Specifically, the user may follow specify input data step or module
808, specify output data step or module 810, specify training input
data step or module 812, and specify error data step or module 814.
Essentially, these four steps and/or modules 808-814 may allow the
user to specify the source and destination of input and output data
for both the (run) prediction and training modes, and the storage
location of the error data determined in the training mode.
[0318] FIG. 34 shows a representative embodiment used for all of
the steps and/or modules 808-814 as follows.
[0319] Steps and/or modules 3202, 3204, and 3206 essentially may be
directed to specifying the data location for the data being
specified by the user. In contrast, steps and/or modules 3208-3216
may be optional in that they allow the user to specify certain
options or sanity checks that may be performed on the data as
discussed below in more detail.
[0320] Turning first to specifying the storage location of the data
being specified, step or module 3202 is called specify data system.
For example, typically, in a chemical plant, there is more than one
computer system utilized with a process being controlled. Step or
module 3202 may allow for the user to specify which computer
system(s) contains the data or storage location that is being
specified.
[0321] Once the data system has been specified, the user may
specify the data type using step or module 3204: specify data type.
The data type may indicate which of the many types of data and/or
storage modes is desired. Examples may include current (most
recent) values of measurements, historical values, time averaged
values, setpoint values, limits, etc. After the data type has been
specified, the user may specify a data item number or identifier
using step or module 3206. The data item number or identifier may
indicate which of the many instances of the specify data type in
the specified data system is desired. Examples may include the
measurement number, the control loop number, the control tag name,
etc. These three steps and/or modules 3202-3206 may thus allow the
user to specify the source or destination of the data
(used/produced by the support vector machine) being specified.
[0322] Once this information has been specified, the user may
specify the following additional parameters. The user may specify
the oldest time interval boundary using step or module 3208, and
may specify the newest time interval boundary using step or module
3210. For example, these boundaries may be utilized where a time
weighted average of a specified data value is needed.
Alternatively, the user may specify one particular time when the
data value being specified is a historical data point value.
[0323] Sanity checks on the data being specified may be specified
by the user using steps and/or modules 3212, 3214 and 3216 as
follows. The user may specify a high limit value using step or
module 3212, and may specify a low limit value using step or module
3214. Since sensors sometimes fail, for example, this sanity check
may allow the user to prevent the system and method of one
embodiment of the present invention from using false data from a
failed sensor. Other examples of faulty data may also be detected
by setting these limits.
[0324] The high and low limit values may be used for scaling the
input data. Support vector machines may be typically trained and
operated using input, output and training input data scaled within
a fixed range. Using the high and low limit values may allow this
scaling to be accomplished so that the scaled values use most of
the range.
[0325] In addition, the user may know that certain values will
normally change a certain amount over a specific time interval.

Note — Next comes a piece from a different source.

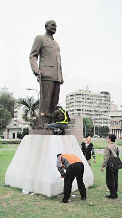 臺(tái)中市學(xué)士路中正公園內(nèi)的蔣介石銅像,昨天凌晨被不明人士潑灑紅漆。

Thus, changes which exceed these limits may be used as an
additional sanity check. This may be accomplished by the user
specifying a maximum change amount in step or module 3216.

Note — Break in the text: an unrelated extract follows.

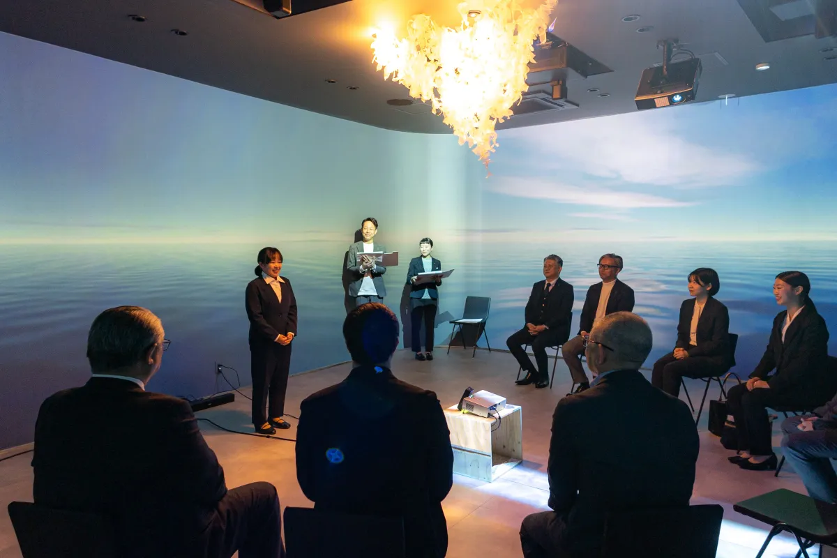 「muni」は「お葬式はもっと自由でいい」という理念のもと創設された場所です。式の冒頭では、西河誠人代表取締役が新入社員に向けて激励の言葉をかけ、その後、2名の新入社員は自らの決意を述べました。咄嗟の緊張感の中で辞令が交付され、彼らは社会人としての最初の一歩を踏み出しました。

[0326] Sanity checks may be used in the method of one embodiment of
the present invention to prevent erroneous training, prediction,
and control. Whenever any data value fails to pass the sanity
checks, the data may be clamped at the limit(s), or the
operation/control may be disabled. These tests may significantly
increase the robustness of various embodiments of the present
invention.
[0327] It should be noted that these steps and/or modules in FIG.
34 apply to the input, output, training input, and error data steps
and/or modules 808, 810, 812 and 814.
[0328] When the support vector machine is fully configured, the
coefficients may be normally set to random values in their allowed
ranges. This may be done automatically, or it may be performed on
demand by the user (for example, using softkey 2616 in FIG.
28).
[0329] 2. Wait Training Input Data Interval Step or Module 304
[0330] Referring again to FIG. 7, the wait training data interval
step or module 304 is now described in greater detail.

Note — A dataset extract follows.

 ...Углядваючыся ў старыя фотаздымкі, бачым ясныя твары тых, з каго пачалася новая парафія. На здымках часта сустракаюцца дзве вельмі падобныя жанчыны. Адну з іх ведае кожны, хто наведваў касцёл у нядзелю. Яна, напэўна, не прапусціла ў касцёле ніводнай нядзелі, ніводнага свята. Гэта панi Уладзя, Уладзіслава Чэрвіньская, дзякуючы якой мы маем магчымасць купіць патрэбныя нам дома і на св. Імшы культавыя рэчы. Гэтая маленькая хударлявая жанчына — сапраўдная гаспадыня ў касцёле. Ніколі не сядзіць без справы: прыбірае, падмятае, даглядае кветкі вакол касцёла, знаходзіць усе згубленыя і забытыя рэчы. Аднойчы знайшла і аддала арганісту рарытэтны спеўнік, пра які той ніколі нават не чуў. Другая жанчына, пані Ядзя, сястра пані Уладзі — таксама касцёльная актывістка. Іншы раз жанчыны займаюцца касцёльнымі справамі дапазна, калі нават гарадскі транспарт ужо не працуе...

[0331] Typically, the wait training input data interval is much
shorter than the time period (interval) when training input data
becomes available. This wait training input data interval may
determine how often the training input data will be checked to
determine whether new training input data has been received.
Obviously, the more frequently the training input data is checked,
the shorter the time interval will be from when new training input
data becomes available to when retraining has occurred.
[0332] It should be noted that the configuration for the support
vector machine 1206 and specifying its wait training input data
interval may be done by the user. This interval may be inherent in
the software system and method which contains the support vector
machine of one embodiment of the present invention. Preferably, it
is specifically defined by the entire software system and method of
one embodiment of the present invention. Next, the support vector
machine 1206 is trained.
[0333] 3. New Training Input Data Step or Module 306
[0334] An order pointer 314 indicates that once the wait training
input data interval 304 has elapsed, the new training input data
step or module 306 may occur.
[0335] FIG. 13 shows a representative embodiment of the new
training input data step or module 306. Referring now to FIG. 13, a
representative example of determining whether new training input
data has been received is shown. A retrieve current training input
timestamp from historical database step or module 902 may first
retrieve from the historical database 1210 the current training
input data timestamp(s). As indicated by an order pointer, a
compare current training input data timestamp to stored training
input data timestamp step or module 904 may compare the current
training input data timestamp(s) with saved training input data
timestamp(s). Note that when the system and method of one
embodiment of the present invention is first started, an
initialization value may be used for the saved training input data
timestamp. If the current training input data timestamp is the same
as the saved training input data timestamp, this may indicate that
new training input data does not exist. This situation on no new
training input data may be indicated by order pointer 318.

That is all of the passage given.